Biological membranes are involved in many essential processes, including biomolecule transportation, distribution, signal transduction, cell recognition, enzymatic reactions, membrane protein structure and function stabilization, etc.^1–3 Phospholipids provide structural support for membranes and are responsible for semi-permeable and stability properties of the membranes. Lipid bilayers are formed by phospholipids in two layers, with polar headgroups along the two layers and the lipid acyl chains forming the apolar domain in between as the most common arrangement.⁴ Lipid bilayers form the underlying structure of every animal and plant cell membrane. The special structure of the cell membrane provides a relatively stable internal environment for a cell. Changes of lipid bilayer dynamics and structure play crucial roles in many membrane-associated processes, and corresponding factors influencing the structure and flexibility of lipid bilayers are various, such as temperature,⁵ biomolecule interactions with the membrane⁶ and lipid composition⁷ etc. Thus, it seems to be very important to study the stability of phospholipid bilayers and the perturbation of membranes by other molecules.

Biological membranes are composed of various phospholipids with different polar head groups, degrees of unsaturation and acyl chain length. The degree of unsaturation is determined by the number of double bonds in lipid tails. With the unsaturated double bonds presenting in the lipid acyl chains, the thermodynamic properties of membrane may change dramatically. The fluidity of unsaturated lipids increases, and the gel-phase transition temperature is lower than normal temperatures.^8,9 Lipid components include glycerophospholipids, sterols and sphingolipids. The glycerophospholipids is the most abundant lipid species in biological membranes, such as phosphatidylcholine (PC), phosphatidylethanolamine (PE), phosphatidylserine (PS), phosphatidylglycerol (PG), phosphatidylinositol (PI) and phosphatidic acid (PA).⁷ The PC family has been extensively studied as the model membrane system,¹⁰ especially for 2-oleoyl-1-pamlitoyl-sn-glyecro-3-phosphocholine (POPC) is a monounsaturated lipid.

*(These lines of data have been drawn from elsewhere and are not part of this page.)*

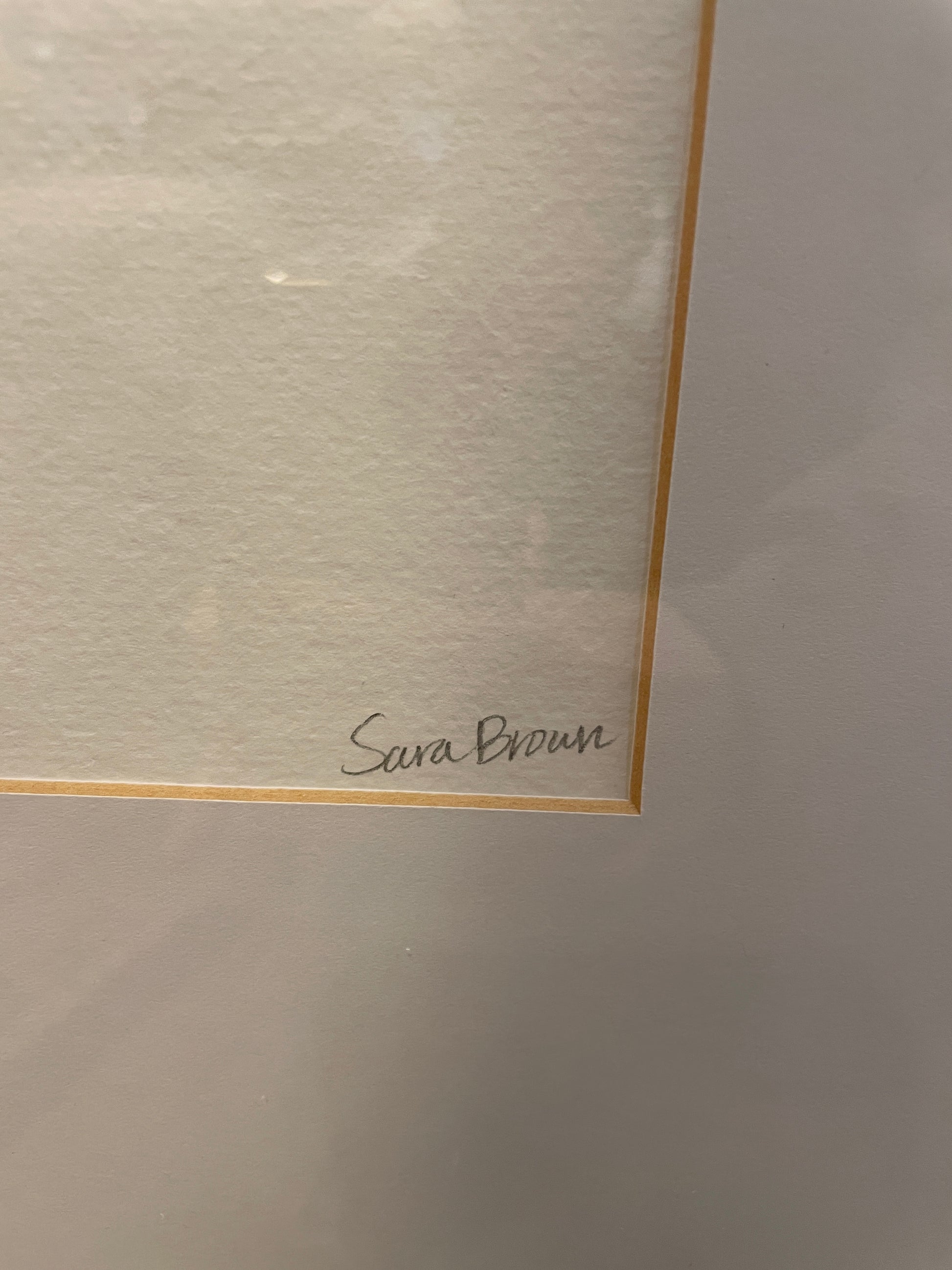 LeftBank Studios feather art by Sarah Brown. Signed lower right. This beautiful work of art depicts a feather in shades of gray. The small piece is eye-catching especially thanks to the broad, white mat surrounding it that allows the dark feather to really pop. The feather has a light tip and darker lower portion, and is beautifully detailed with individual barbs. The piece is set on the white mat and held in an elegant silver frame. A sleek, minimalist work of art that is sure to add a touch of class to any space.
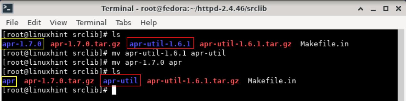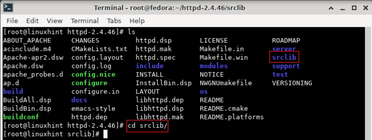 Now extract this directory inside the ‘srclib’ directory, which is available in the apache httpd distribution folder. To extract the file, use the command:
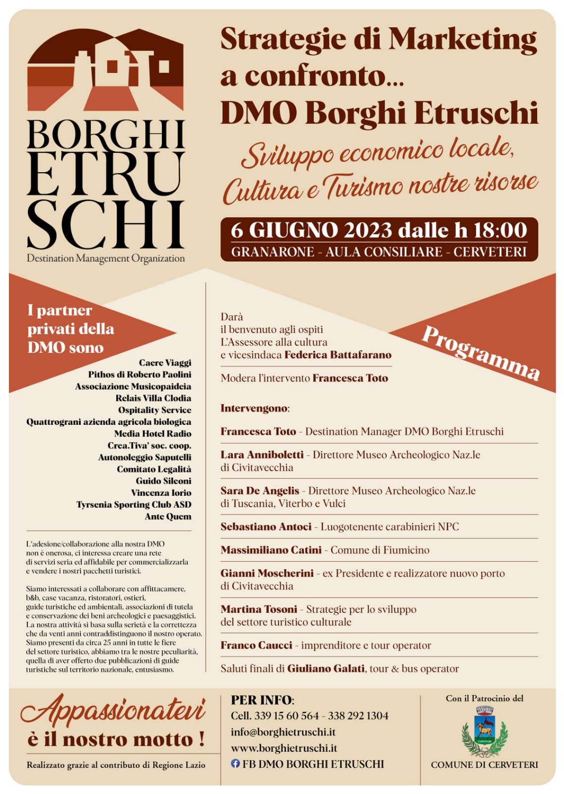 Presentazione il 6 giugno alle 18 al Granarone di Cerveteri della DMO Borghi Etruschi agli imprenditori del settore turistico ricettivo del comune di Cerveteri, alla presenza dell’Assessore Federica Battafarano. Seguirà una disamina sulle condizioni del territorio per il settore turistico-ricettivo, saranno offerti degli strumenti di marketing turistico territoriale agli imprenditori che interverranno. Coordina Francesca Toto manager DMO Borghi Etruschi.

Aromatic residues play vital roles in the function of protein and binding of protein to biomembranes. Sequence motifs that contain aromatic residues widely occur in transmembrane,^11,12 peripheral,^13,14 and membrane-associated proteins.^15,16 However, the effects of aromatic residues on the membrane composed of unsaturated phospholipids are of particular specific and complex. On the basis of fluorescence emission spectra, Williams et al. reported that tryptophan in the juxtamembrane domain of vesicle-associated membrane protein 2 (VAMP2), which can bind to the adjacent lipid bilayers in insulin granules or other transport vesicles, may insert into the hydrophobic interior of PC or 3 : 1 PC/PS bilayers.¹⁷ Merlino et al. suggested that the octapeptide (C8), which contains three tryptophan residues, binds to the POPC bilayers surface and decreases the bilayer thickness. This discovery was supported by neutron reflectivity, electron spin resonance, circular dichroism, fluorescence spectroscopy and molecular dynamics simulations.¹⁸ Using fluorescence correlation spectroscopy, high resolution ³¹P field cycling NMR spectroscopy and X-ray crystallography, Cheng et al. found that the choline cation–aromatic π interactions may be a specific motif to anchor proteins to PC-rich bilayers.¹³ The findings discussed above suggest that the packing of unsaturated lipid acyl chains underlying the interaction of the motif which contains aromatic residue penetration in membrane bilayers remains poorly understood. Thus, it seems to be important to elucidate the effect on the packing of unsaturated lipid acyl chains in membrane bilayers by motif which contains aromatic residue interaction with lipids in the model membrane.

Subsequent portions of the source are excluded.